New York Universitys Center for European and Mediterranean Studies will host The Boundaries of Europe: Religious Identities, State-Church-Party Relations, and the European Project on Friday, April 3, 9:15 a.m. to 6 p.m. (285 Mercer Street [between Waverly Place and Washington Place], 7th Floor Conference Room). The event is free and open to the public. For more information, call 212.998.3838. Subway: R, W (8th Street); 6 (Astor Place).
Reporters interested in attending the event MUST RSVP to James Devitt, NYUs Office of Public Affairs, at 212.998.6808 or firstname.lastname@example.org. For a pdf of the complete conference schedule, please click here.

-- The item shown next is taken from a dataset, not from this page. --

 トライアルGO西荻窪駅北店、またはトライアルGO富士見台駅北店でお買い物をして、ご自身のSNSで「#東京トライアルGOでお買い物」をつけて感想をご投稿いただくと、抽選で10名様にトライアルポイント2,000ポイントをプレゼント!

Organized by NYU Professor Michael Minkenberg, the conference addresses the question of how cultural and religious identities have informed the shaping of boundaries in European integration. It will give particular attention to the interaction and interrelations between players and ideas in this process: religious-confessional traditions as they inform the European idea and project as well as their contributions to boundary drawing; key actors, such as the national governments, the major parties, and the churches; and the various nation states, old and new members of the European Union as well as their cultural-religious alliances and conflicts, such as in the drafting of the preamble for the European Constitution or the issue of Turkish EU membership. Among the conference participants are: Jeff Haynes, London Metropolitan University; Matthias König, University of Goettingen; John Madeley, the London School of Economics; Parvati Nair, the University of London; and Minkenberg, the Max Weber Chair for German and European Studies.

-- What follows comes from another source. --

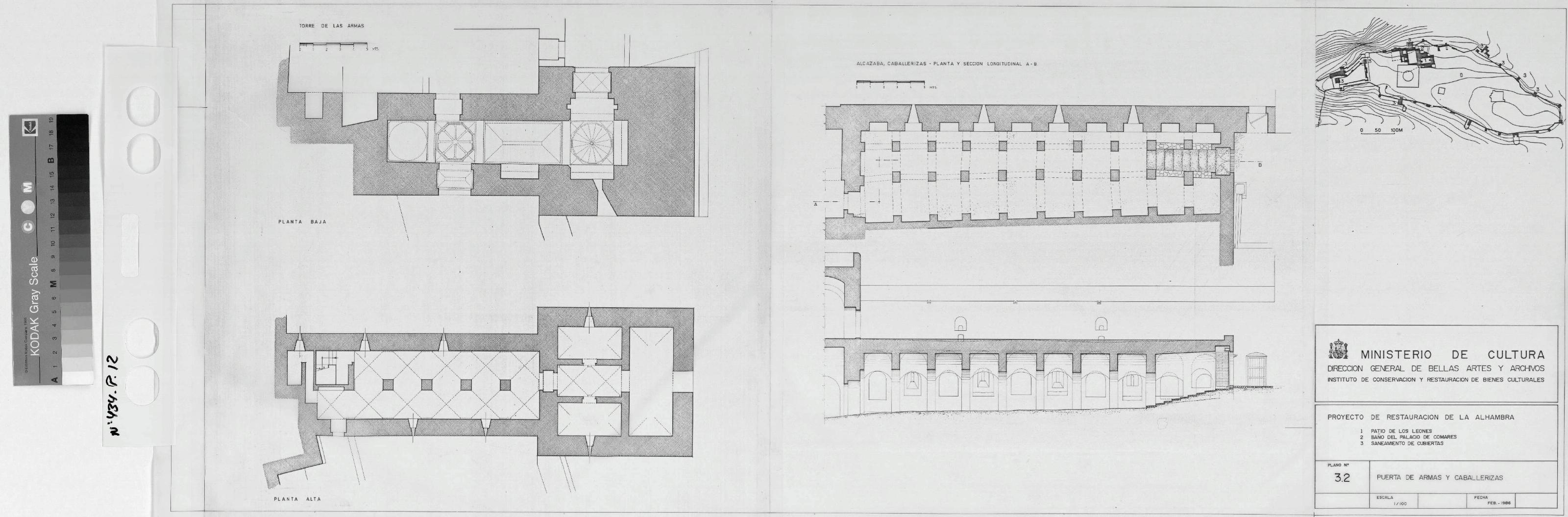 LA ALHAMBRA . -GRANADA-: PUERTA DE ARMAS Y CABALLERIZAS Plantas baja y alta , Alcazaba caballerizas - planta y seccion longitudinal , plano sin cotas.

Presentations include: Are There Civilizational Constraints on Turkey Joining the European Union?; Islamigration or the Other Within: Testing the Limits of European Democracy and Tolerance; Christian Churches and the European Project - Cross-Country Comparisons; and European Identity and Religions: Alterity or Plurality?
This conference is made possible through a contribution from the German Academic Exchange Service (DAAD).